## HOW TO COMPLETE THIS TASK
Your answer should hold only the lines from the start of the data below through the line with "This paper develops", copied exactly, with pictures left out.

## SOURCE DATA
= Beginning of Section =
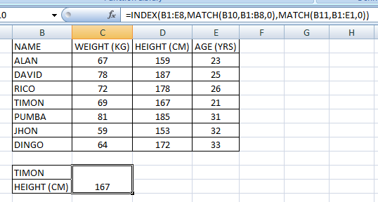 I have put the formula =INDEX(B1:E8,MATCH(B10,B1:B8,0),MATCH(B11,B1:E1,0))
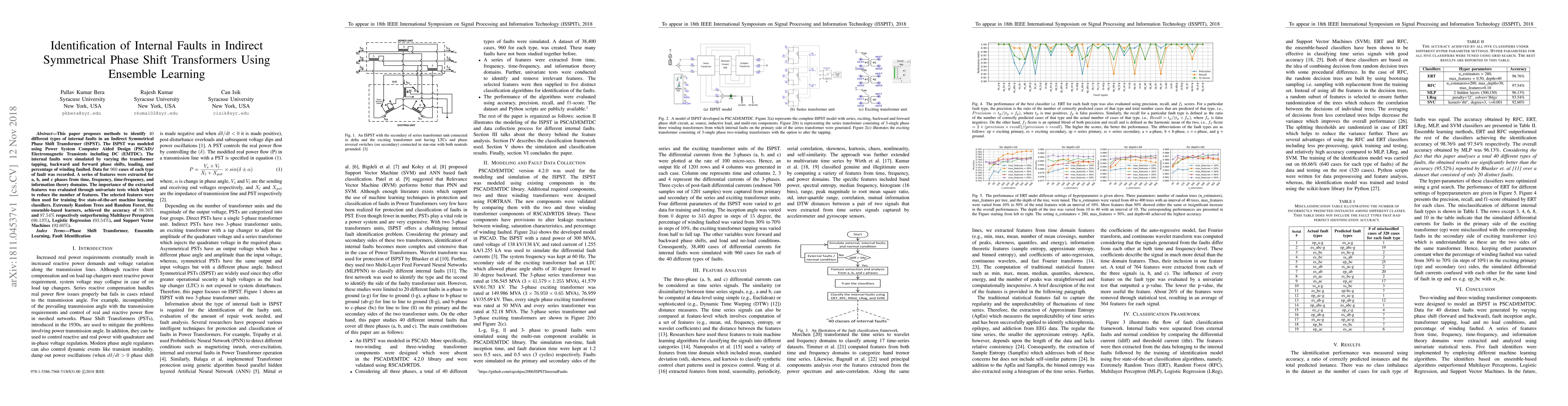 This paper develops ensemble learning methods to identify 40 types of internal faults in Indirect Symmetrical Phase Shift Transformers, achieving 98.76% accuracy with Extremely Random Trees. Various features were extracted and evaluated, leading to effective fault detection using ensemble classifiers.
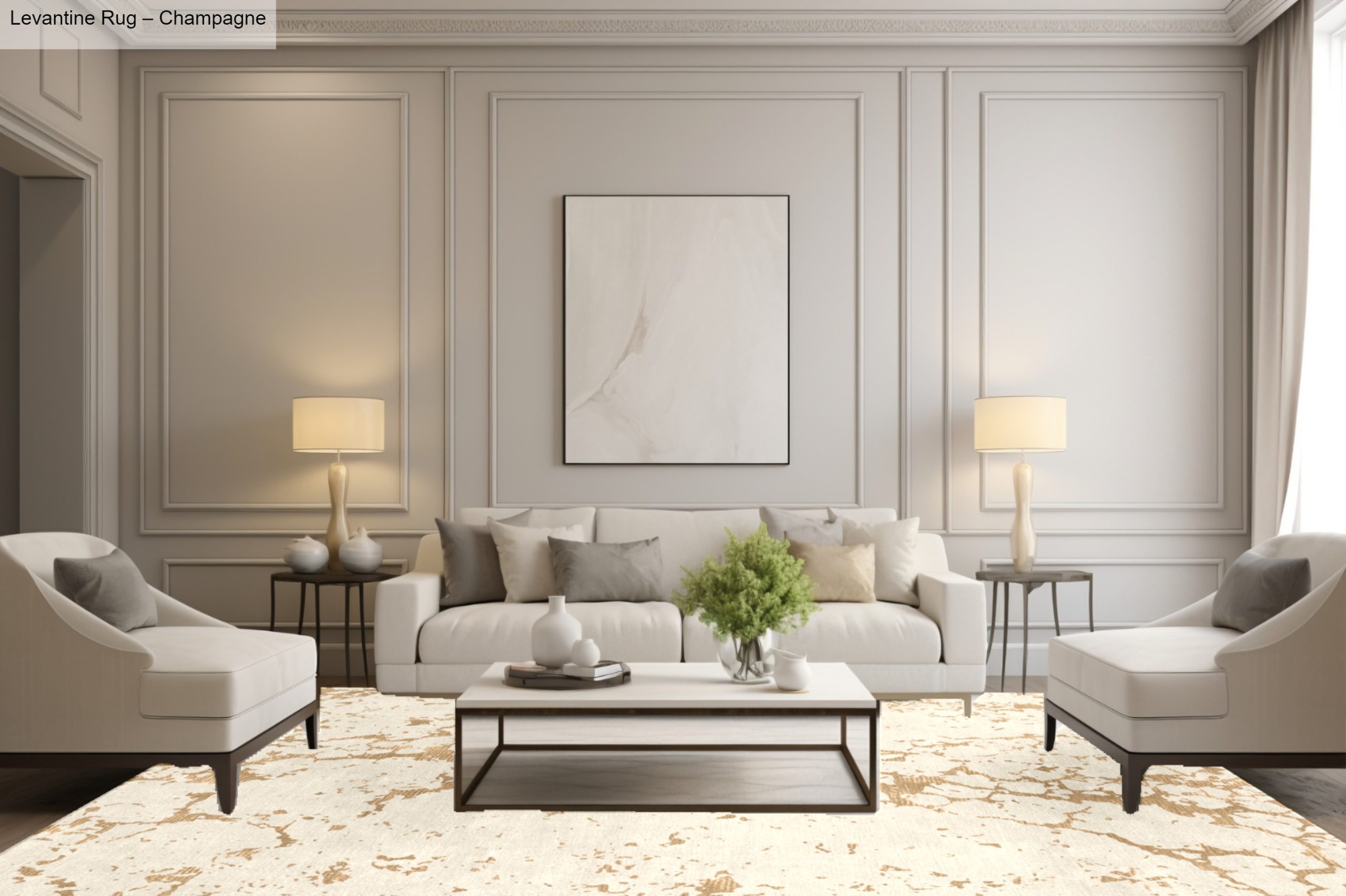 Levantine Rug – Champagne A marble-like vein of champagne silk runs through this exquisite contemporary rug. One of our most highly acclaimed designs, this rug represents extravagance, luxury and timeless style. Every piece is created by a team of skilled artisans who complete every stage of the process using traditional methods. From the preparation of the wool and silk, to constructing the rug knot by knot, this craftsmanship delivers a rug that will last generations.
= End of Section =
## SOLUTION TO THE EXERCISE
 I have put the formula =INDEX(B1:E8,MATCH(B10,B1:B8,0),MATCH(B11,B1:E1,0))
 This paper develops ensemble learning methods to identify 40 types of internal faults in Indirect Symmetrical Phase Shift Transformers, achieving 98.76% accuracy with Extremely Random Trees. Various features were extracted and evaluated, leading to effective fault detection using ensemble classifiers.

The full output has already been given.